- _Work instructions_
Copy out exactly the lines from the one containing "not shown) 。" to the last line of the records below, both included, and leave out any pictures.

(Dataset excerpts)
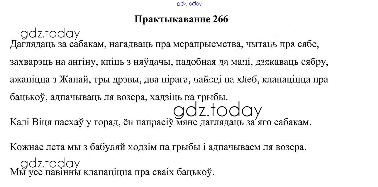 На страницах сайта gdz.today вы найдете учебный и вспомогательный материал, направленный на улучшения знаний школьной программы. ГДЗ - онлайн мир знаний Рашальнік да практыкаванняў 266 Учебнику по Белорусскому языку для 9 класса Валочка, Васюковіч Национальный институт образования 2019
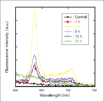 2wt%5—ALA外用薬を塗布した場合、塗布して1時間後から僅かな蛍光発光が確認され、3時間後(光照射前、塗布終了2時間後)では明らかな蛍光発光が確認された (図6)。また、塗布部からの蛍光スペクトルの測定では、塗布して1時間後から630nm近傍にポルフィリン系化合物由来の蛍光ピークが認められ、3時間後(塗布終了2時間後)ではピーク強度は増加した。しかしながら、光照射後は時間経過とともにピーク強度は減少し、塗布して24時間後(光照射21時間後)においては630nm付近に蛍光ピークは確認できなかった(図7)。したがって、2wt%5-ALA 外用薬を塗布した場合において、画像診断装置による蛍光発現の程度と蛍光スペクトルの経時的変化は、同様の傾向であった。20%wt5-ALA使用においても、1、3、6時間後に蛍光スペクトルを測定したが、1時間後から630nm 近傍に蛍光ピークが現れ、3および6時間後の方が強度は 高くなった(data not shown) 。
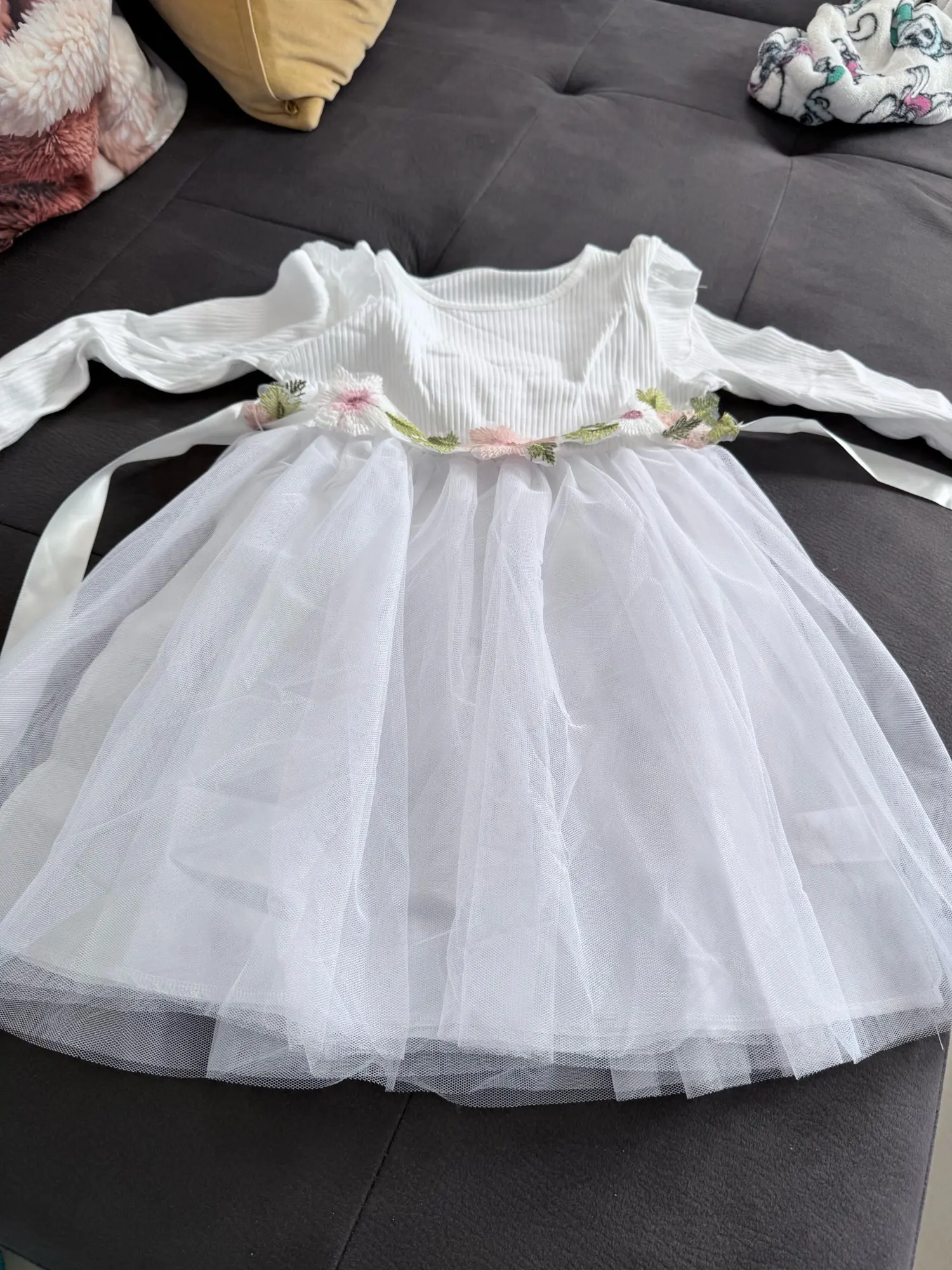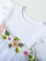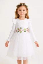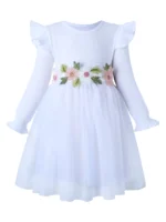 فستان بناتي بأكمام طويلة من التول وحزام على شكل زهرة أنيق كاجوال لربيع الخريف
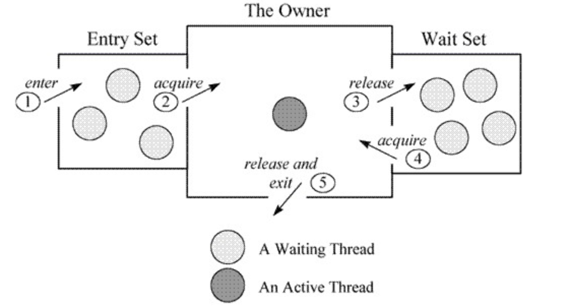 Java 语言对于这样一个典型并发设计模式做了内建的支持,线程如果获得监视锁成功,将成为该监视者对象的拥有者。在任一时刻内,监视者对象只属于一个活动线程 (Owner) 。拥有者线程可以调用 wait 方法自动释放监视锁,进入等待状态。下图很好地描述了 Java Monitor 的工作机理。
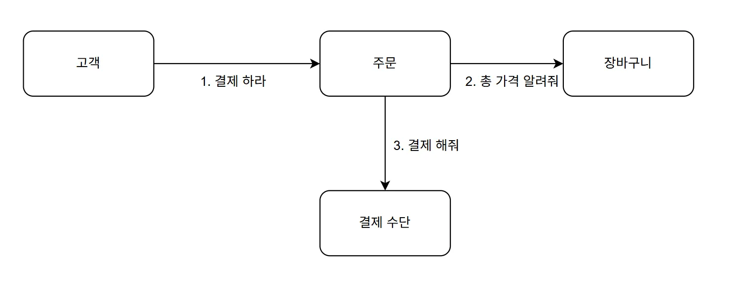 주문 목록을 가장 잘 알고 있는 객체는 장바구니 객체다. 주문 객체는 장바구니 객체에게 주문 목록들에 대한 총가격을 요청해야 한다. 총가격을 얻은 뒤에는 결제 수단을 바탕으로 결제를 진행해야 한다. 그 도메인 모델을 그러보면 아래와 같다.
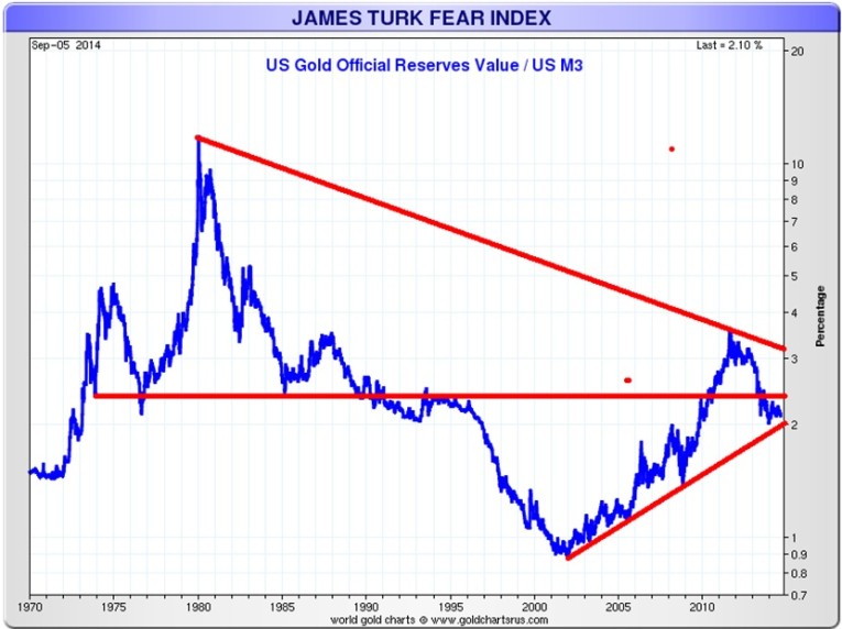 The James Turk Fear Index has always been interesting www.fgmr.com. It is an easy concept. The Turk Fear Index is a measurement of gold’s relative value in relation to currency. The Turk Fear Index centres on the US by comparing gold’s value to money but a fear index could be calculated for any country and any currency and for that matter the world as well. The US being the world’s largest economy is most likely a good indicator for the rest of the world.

- _Written response_
 2wt%5—ALA外用薬を塗布した場合、塗布して1時間後から僅かな蛍光発光が確認され、3時間後(光照射前、塗布終了2時間後)では明らかな蛍光発光が確認された (図6)。また、塗布部からの蛍光スペクトルの測定では、塗布して1時間後から630nm近傍にポルフィリン系化合物由来の蛍光ピークが認められ、3時間後(塗布終了2時間後)ではピーク強度は増加した。しかしながら、光照射後は時間経過とともにピーク強度は減少し、塗布して24時間後(光照射21時間後)においては630nm付近に蛍光ピークは確認できなかった(図7)。したがって、2wt%5-ALA 外用薬を塗布した場合において、画像診断装置による蛍光発現の程度と蛍光スペクトルの経時的変化は、同様の傾向であった。20%wt5-ALA使用においても、1、3、6時間後に蛍光スペクトルを測定したが、1時間後から630nm 近傍に蛍光ピークが現れ、3および6時間後の方が強度は 高くなった(data not shown) 。
 فستان بناتي بأكمام طويلة من التول وحزام على شكل زهرة أنيق كاجوال لربيع الخريف
 Java 语言对于这样一个典型并发设计模式做了内建的支持,线程如果获得监视锁成功,将成为该监视者对象的拥有者。在任一时刻内,监视者对象只属于一个活动线程 (Owner) 。拥有者线程可以调用 wait 方法自动释放监视锁,进入等待状态。下图很好地描述了 Java Monitor 的工作机理。
 주문 목록을 가장 잘 알고 있는 객체는 장바구니 객체다. 주문 객체는 장바구니 객체에게 주문 목록들에 대한 총가격을 요청해야 한다. 총가격을 얻은 뒤에는 결제 수단을 바탕으로 결제를 진행해야 한다. 그 도메인 모델을 그러보면 아래와 같다.
 The James Turk Fear Index has always been interesting www.fgmr.com. It is an easy concept. The Turk Fear Index is a measurement of gold’s relative value in relation to currency. The Turk Fear Index centres on the US by comparing gold’s value to money but a fear index could be calculated for any country and any currency and for that matter the world as well. The US being the world’s largest economy is most likely a good indicator for the rest of the world.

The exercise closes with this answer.